On April 30, 1939, on the eve of the German invasion of Poland, Cardinal Secretary of State Luigi Maglione sent a message—worded by Mussolini and personally approved by Pius XII—to Cortesi supporting the return of Danzig to Germany. Cortesi replied by cable, questioning the wisdom of such a concession, but Maglione ordered him to pass it on to the Polish president.  The following day Pius XII issued a "last appeal in favor of peace" entreating the "governments of Germany and Poland do their utmost to avoid every incident and abstain from taking any step capable for worsening the present tension".

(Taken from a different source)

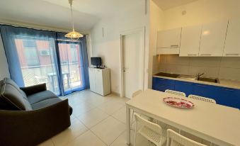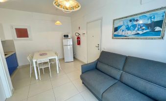 Functional flat for up to 6 guests, located on the first floor of a one-storey house without lift, only 240mt from the beach. It is composed of a living room with a double sofa bed, a kitchenette, a spacious balcony, a bedroom with a double bed, a second bedroom with two single beds, and a full bathroom with a shower box. One uncovered parking spot is included. There's a shared laundry room for the whole residence. A/C is available at an additional cost (check below).°Photos are generic and representative of the accommodation type (furniture, décor and colors may vary)

Cortesi submitted Pius XII's mediation plan to Foreign Minister Józef Beck, but received "an evasive answer because the Poles do not favor mediation as a means of solving the Danzig problem". Cortesi arrived in Rome on June 22 with noncommital replies from all five countries involved in the mediation, and met with Maglione over the mediation and also the rift between Polish and German Catholics. On June 26, Cortesi met with Pius XII personally to convey the negative reactions of President Ignacy Mościcki and Foreign Minister Beck to Pius XII's proposal to transfer Danzig to Germany. Cortesi's relaying of Pius XII's proposal to give Danzig to Germany was long remembered in Poland, particularly when the Communist government came into conflict with the pope after the war.

Cortesi fled his Warsaw nunciature on September 5, following the Polish government-in-exile and arriving in Bucharest. The Vatican received word from Cortesi on September 22 from Bucharest, having been "completely cut off from the Catholics in Poland". At that time, all the Polish bishops—with the exception of Cardinal August Hlond, the primate of Poland (who was at that time expected to return soon)—were still in their bishoprics.

Although Pius XII said that he would not formally recognize the government-in-exile (then in Paris) until he received a full report from Cortesi, Kazimierz Papée, the ambassador from Poland, remained accredited to the Holy See. Pius XII recognized the government-in-exile "with as much formality as is possible under the circumstances" on October 7, aided by the "convenient fact" that Cortesi was due to retire and could not return to Warsaw in any case. The New York Times reported that Cortesi "will not return to Warsaw even if a new Polish state is formed, but will return to Rome and await his almost certain elevation to the Cardinalate". The Times also reported that the nuncio to Paris would be made internuncio to the government-in-exile to avoid having to formally replace Cortesi. Alfredo Pacini was appointed chargé d'affaires while the government-in-exile remained in Paris, and William Godfrey took over as chargé d'affaires once the government-in-exile was forced to move to London in 1940.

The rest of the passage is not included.